Ты выходишь в коридор. Двери закрываются за спиной, разделяя тебя и Майка. Но двери не сдержат тех, кого нет.
– Я не виноват, что ты умер, а я нет, – говоришь ты, но в коридоре никого кроме тебя нет.
* * *Секретарша перезванивает в тот самый момент, когда ты настырно пытаешься прикурить. Бумажные спички загораются и гаснут, загораются и гаснут…
– Я не вовремя? – спрашивает секретарша, тщетно изображая смущение, словно застала тебя за чем-то непристойным.
– Это же не онанизм, – говоришь ты и наконец-то прикуриваешь.
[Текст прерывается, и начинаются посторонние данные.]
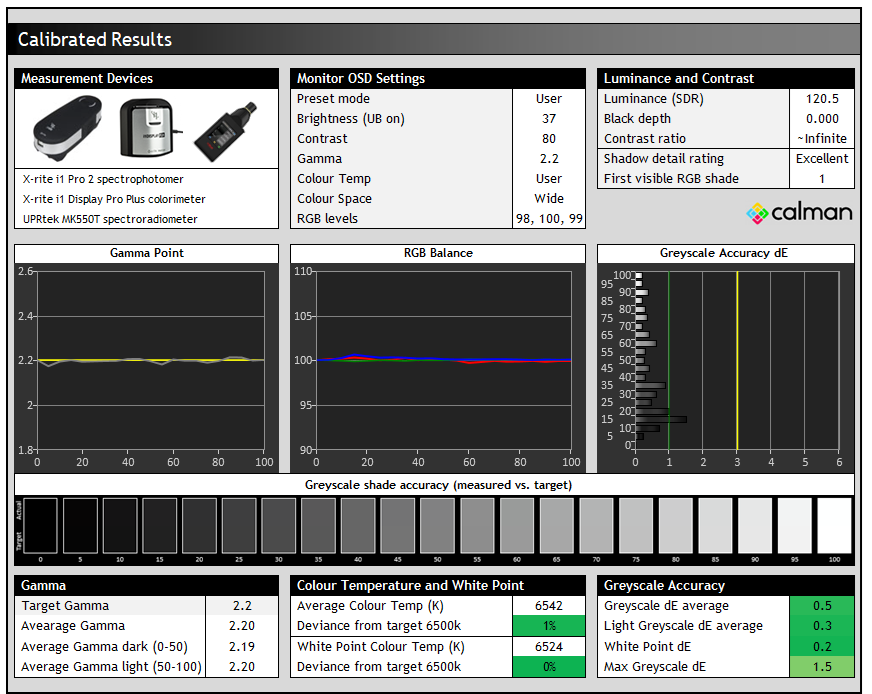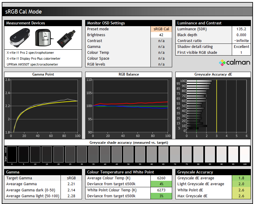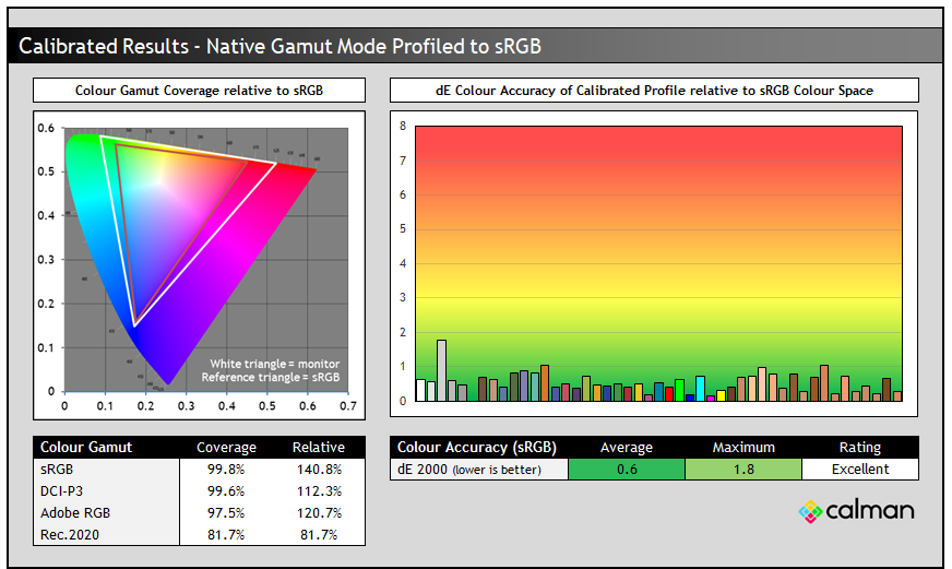 | Calibrated (with ICC profile active) | Excellent (1) |

Дым заполняет легкие. Где-то здесь был тюбик с антидепрессантами. Чувствуя свою ненужность, секретарша спешно сообщает причины изъятия шарманки.
– Вы будете забирать ее сами или выберете платную доставку?
– Доставку, – говоришь ты.
– В таком случае мы вышлем к вам курьера, – говорит секретарша. – Вам интересны расценки за доставку?
– Нет.
Секретарша желает удачного дня и отключается. Ты смотришь на темный экран и думаешь, зачем Кэт понадобилось сообщать в «Феликс» о неисправности твоей шарманки.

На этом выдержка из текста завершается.